← Back to team overview

kernel-packages team mailing list archive

[Bug 872398] Re: NFSv4 client doesn't handle NFS4ERR_EXPIRED properly, read() never returns

 

Updated the kernel-fixed-upstream thing as per git describe --contains
0ced63d1a245ac11241a5d37932e6d04d9c8040d.

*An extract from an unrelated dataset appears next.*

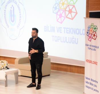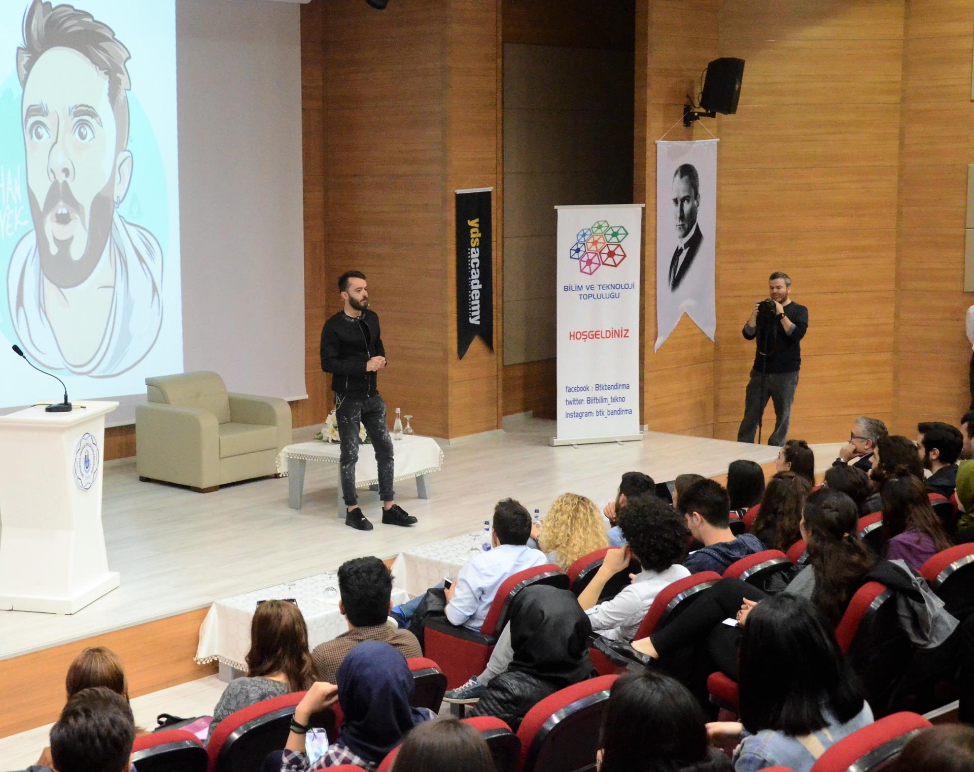 İlk olarak öğrenciler ile buluşan isim 60 üniversitede üyesi bulunan Üniversite Medya Birliği Derneği’nin kurucusu Atakan Şeniz oldu. Şeniz, genç yaşına karşın elde ettiği başarı hikayesini ve dijital dünyada nasıl var olunacağı hakkında bilgiler verdi. Geleneksel medyanın yavaş yavaş popülaritesinin azaldığına dikkat çeken Şeniz; “ Konvansiyonel medya bile artık yavaş yavaş YouTube’a yatırım yapıyor. Bugün yükselen bir YouTube gerçeği var ve aynı şekilde tüm dijital alanlar popülerliğini sürdürmektedir. Dijital o kadar önemli ki, bugün var olan şirketler bu konvansiyonel sistemde dijital varlık yönetimi yapmadan bir iki yıl içinde kaybolmaya mahkûmdurlar. Dijital dünyada güncel olmak gerekiyor ve dünyaya ayak uydurmanız gerekiyor. Bir konuda uzmanlaşmayı kendinize hedef edinmelisiniz. Kendinizi iyi hissettiğiniz, kendinizi gerçekten donanımlı hissedeceğiniz alanlarda uzmanlaşın. Kendi sisteminizi inşa etmeye karar verdiğinizde ise bundan çekinmeden, emek ve vazgeçmeden bu hayalinizi gerçekleştirmek için çalışın.” diye konuştu.

I am unsubscribing from this
bug as I am not running Ubuntu any more and have little interest
chatting with bots.

** Tags added: kernel-fixed-upstream-v3.0-rc1

** Tags added: kernel-fixed-upstream

-- 
You received this bug notification because you are a member of Kernel
Packages, which is subscribed to linux in Ubuntu.
https://bugs.launchpad.net/bugs/872398

Title:
  NFSv4 client doesn't handle NFS4ERR_EXPIRED properly, read() never
  returns

Status in “linux” package in Ubuntu:
  Incomplete
Status in “linux” package in CentOS:
  New

Bug description:
  This is Ubuntu 2.6.38-10.46~lucid1-generic 2.6.38.7 x86_64.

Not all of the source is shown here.